Il garantismo sociale di Ereticamente

A poche ore di distanza dal termine della terza tappa dell’Eretico Tour sento l’urgenza di voler mettere nero su bianco le sensazioni provate. Non credo di poter parlare solo di Bellezza, quella che si è pure respirata osservando gli sguardi entusiasti del pubblico e dei nuovi fuochi sotto cenere, né di voler raccontare quella Calabria che si muove, spesso silenziosa, per costruire il suo futuro. Mi va invece di parlare di Amicizia, quella che sancisce un legame affettivo tra due o più persone, fondato sulla scoperta di affinità, sul rispetto delle differenze e sull’esaltazione della “Sympatheia”, la facoltà di partecipare ai sentimenti dei nostri simili.
Sembra banale ma non lo è, in una società che ha fatto dei rapporti umani pura forma e zero sostanza, sicché veder rifiorire certi sentimenti diventa quanto mai originale e, per dirla in gergo 2.0, innovativo. Dopo tre incontri del tour posso sostenere che in ognuna di queste tappe si riscopre prima di tutto il piacere di conoscersi. Un piacere che nasce dalla volontà di scoprire realtà lavorative e imprenditoriali interessanti e presto si trasforma in desiderio di contatto con le persone e con il senso della loro storia e delle loro azioni quotidiane, con l’assunzione delle responsabilità e dei rischi che si è scelto di correre.

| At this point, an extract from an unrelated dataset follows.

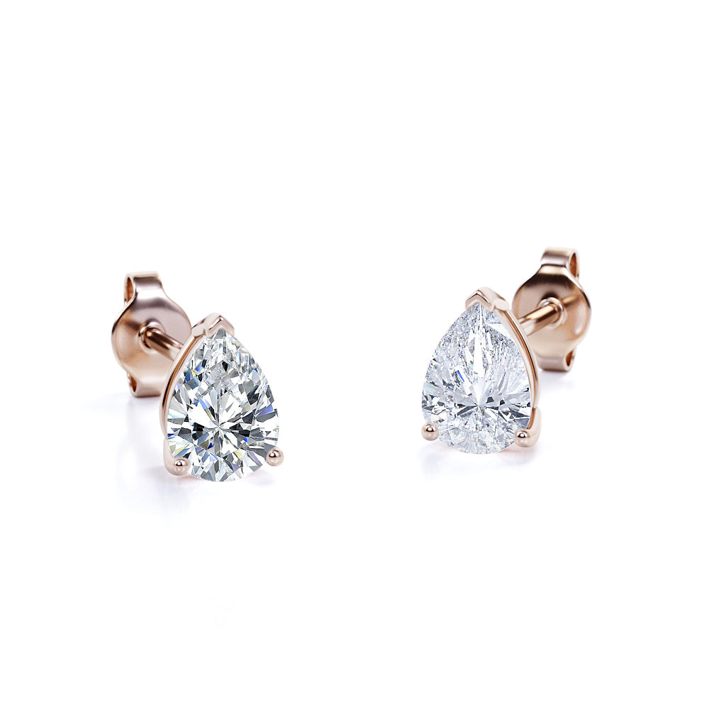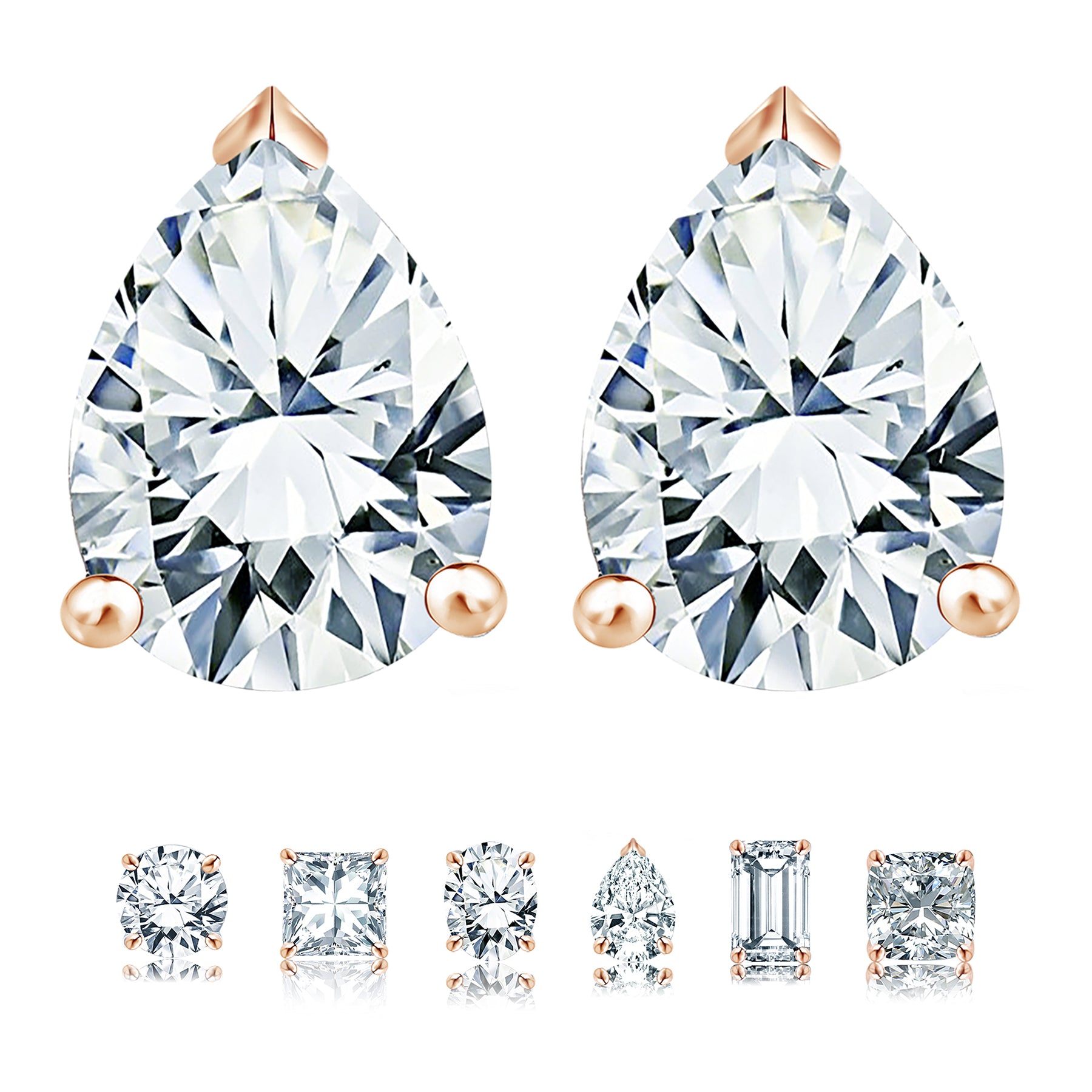 Certified 2 Carat Pear Cut Moissanite Minimalist Solitaire Stud Earrings In 18K Rose Gold Plating Over Silver

Essendo tutti accomunati dalla volontà/necessità di muoverci per segnare le fasi del nostro cammino di vita personale, ci basta spesso uno sguardo per comprendere che in tutti noi arde lo stesso fuoco. Questo ci consente di tramutare gli scambi tra “imprenditori” in rapporti di “Filia”, di amicizia appunto. Come? “Semplicemente” trasformando la “competizione” in “complicità” e la “diffidenza” in “fiducia”. Il merito di “Ereticamente”, è di sfondare il muro del “chi va là?”, quell’atteggiamento della mente che ostacola la commistione nel rapporto uomo-uomo, tra vita privata, vita lavorativa e vita di relazioni sociali. Regole da rispettare, schemi da seguire. Nel quotidiano la spontaneità si limita troppo spesso ad un sorriso abbozzato, ad una pacca sulla spalla e ad un linguaggio del corpo che inneschi nell’altro solo la percezione di essere dalla sua parte. Quello che accade tra gli Eretici è un meccanismo inverso. Negli incontri tra gli Eretici c’è il recupero del “buon selvaggio” di Rousseau. Il recupero di una pacificazione interiore e sociale che ci libera dall’ “homo homini lupus” a cui gli schemi della società contemporanea ci hanno abituato.
Non posso fare a meno di parlare di quel senso di liberazione che mi porto dentro da quando ho conosciuto gli uomini e le donne che popolano questo “movimento filosofico”. Un senso di liberazione dalla frustrazione del giudizio altrui, dalla sensazione di doversi difendere.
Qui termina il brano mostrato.